→ Problem details
When you reach the line with "- In the Hosting" in the listing below, write out that line and every one after it exactly, and skip the pictures.

→ Dataset excerpt
+++

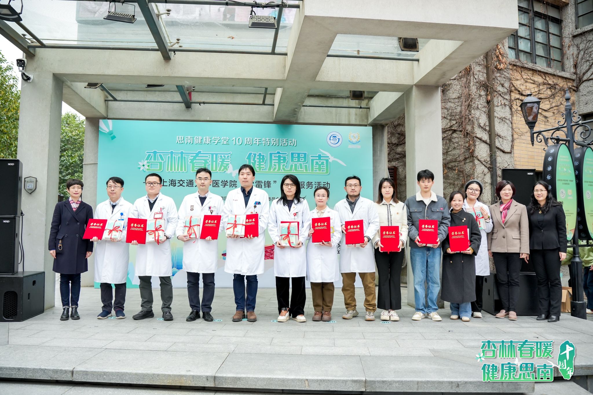 “杏林春暖,健康思南”学雷锋义诊服务是“思南健康学堂”项目的一项重要活动,每年三月学雷锋月,在思南公馆共赴一场健康之约,于交医、于思南,于市民,已成为一种共识和默契。现场全体义诊医生和志愿者们重温《中国青年志愿者誓词》,用洪亮的宣誓表态,必当传承弘扬雷锋精神,主动承担社会责任,做有理想、敢担当、能吃苦、肯奋斗的新时代好青年。
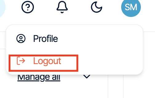 - In the Hosting Panel, click the top-right icon, and then click Logout:
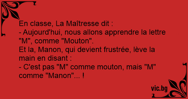 - C'est pas "M" comme mouton, mais "M" comme "Manon"... !

+++

→ Exercise answer
 - In the Hosting Panel, click the top-right icon, and then click Logout:
 - C'est pas "M" comme mouton, mais "M" comme "Manon"... !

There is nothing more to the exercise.